Suppose that R₁ and R₂ are two equivalence relations on a non-empty set X.
First we prove that R₁ ∩ R₂ in an equivalence relation on X.
(i) R₂ ∩ R₂ is reflexive :
Let a ∈ X arbitrarily.
Then (a, a) ∈ R₁ and (a, a) ∈ R₂ , since R₁, R₂ both being equivalence relations are reflexive.
So. (a, a) ∈ R₁ ∩ R₂
⇒ R₁ ∩ R₂ is reflexive.
(ii) R₁ ∩ R₂ is symmetric :
Let a, b ∈ X such that (a, b) ∈ R₁ ∩ R₂ ∴ (a, b) ∈ R₁ and (a, b) ∈ R₂ ⇒ (b, a) ∈ R₁and (b, a) ∈ R₂, since R₁ and R₂ being equivalence relations are also symmetric.
(b, a) ∈ R₁∩ R₂
(a, b) ∈ R₁ ∩ R₂ implies that (b, a) ∈ R₁ ∩ R₂.
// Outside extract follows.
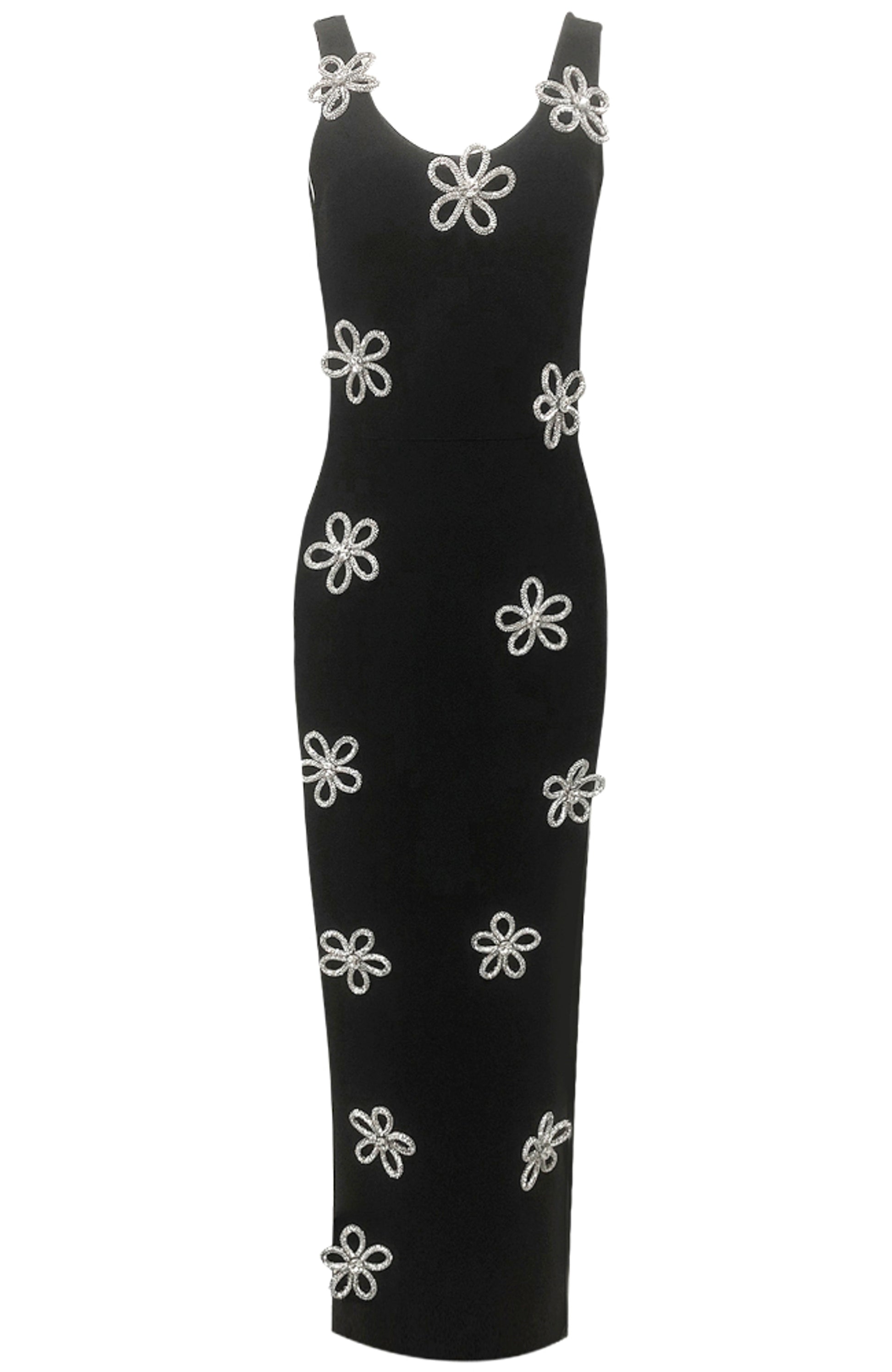 Ainmuire Crystal Floral Detail Maxi Dress In Black

∴ R₁ ∩ R₂ is a symmetric relation.
(iii) R₁ ∩ R₂ is transitive :
Let a, b, c ∈ X such that (a, b) ∈ R₁ ∩ R₂ and (b, c) ∈ R₁ ∩ R₂.
(a, b) ∈ R₁ ∩ R₂ ⇒ (a, b) ∈ R₁ and (a, b) ∈ R₂    ...(i)
(b, c) ∈ R₁ ∪ R₂ ⇒ (b, c) ∈ R₁ and (b, c) ∈ R₂    ...(ii)
(i) and (ii) ⇒ (a, b) and (b, c) ∈ R₁
⇒ (a. c) ∈ R₁, since R₁ being an equivalence relation is also transitive.
Similarly, we can prove that (a, c) ∈ R₂ ∴ (a, c) ∈ R₁ ∩ R₂ So, R₁ ∩ R₂ is transitive.
Thus R₁ ∩ R₂ is reflexive, symmetric and also transitive. Thus R₁ ∩ R₂ is an equivalence relation.